* Exercise details:
Any image found in the entries is to be skipped; the rest is returned word for word.

* Extracted entries:
··········
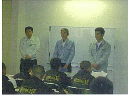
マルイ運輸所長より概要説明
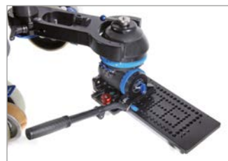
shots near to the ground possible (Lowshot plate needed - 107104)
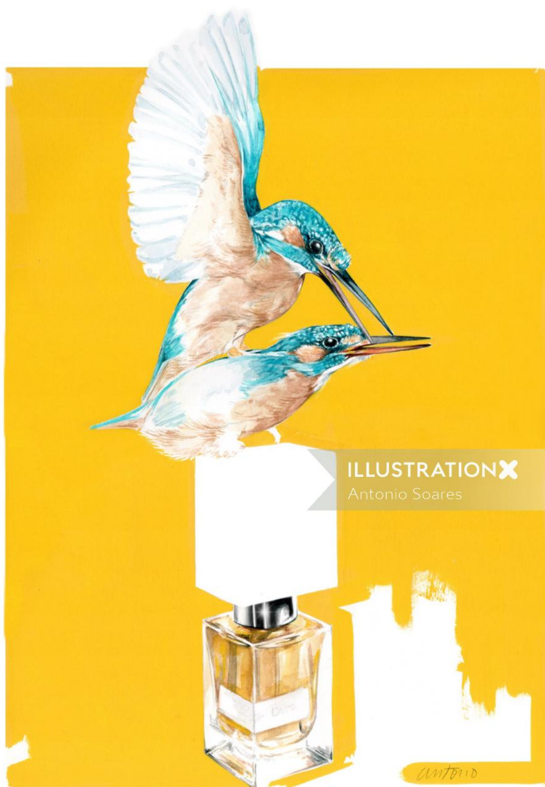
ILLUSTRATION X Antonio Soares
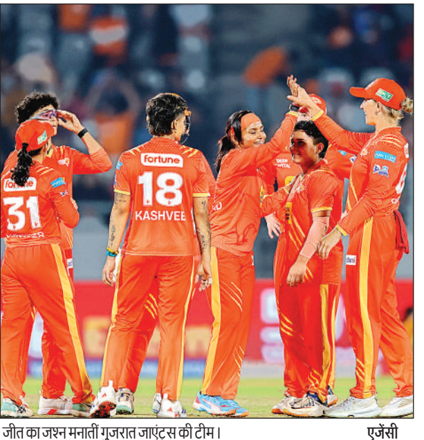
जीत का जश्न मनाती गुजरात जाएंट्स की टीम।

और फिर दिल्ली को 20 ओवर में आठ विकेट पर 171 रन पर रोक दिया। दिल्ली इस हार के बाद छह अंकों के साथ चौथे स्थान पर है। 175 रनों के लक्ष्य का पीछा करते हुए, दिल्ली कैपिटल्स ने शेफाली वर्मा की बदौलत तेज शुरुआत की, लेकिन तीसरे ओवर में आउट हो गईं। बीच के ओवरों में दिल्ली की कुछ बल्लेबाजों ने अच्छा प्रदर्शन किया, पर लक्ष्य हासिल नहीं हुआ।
··········
* Expected answer:
マルイ運輸所長より概要説明
shots near to the ground possible (Lowshot plate needed - 107104)
ILLUSTRATION X Antonio Soares
जीत का जश्न मनाती गुजरात जाएंट्स की टीम।

और फिर दिल्ली को 20 ओवर में आठ विकेट पर 171 रन पर रोक दिया। दिल्ली इस हार के बाद छह अंकों के साथ चौथे स्थान पर है। 175 रनों के लक्ष्य का पीछा करते हुए, दिल्ली कैपिटल्स ने शेफाली वर्मा की बदौलत तेज शुरुआत की, लेकिन तीसरे ओवर में आउट हो गईं। बीच के ओवरों में दिल्ली की कुछ बल्लेबाजों ने अच्छा प्रदर्शन किया, पर लक्ष्य हासिल नहीं हुआ।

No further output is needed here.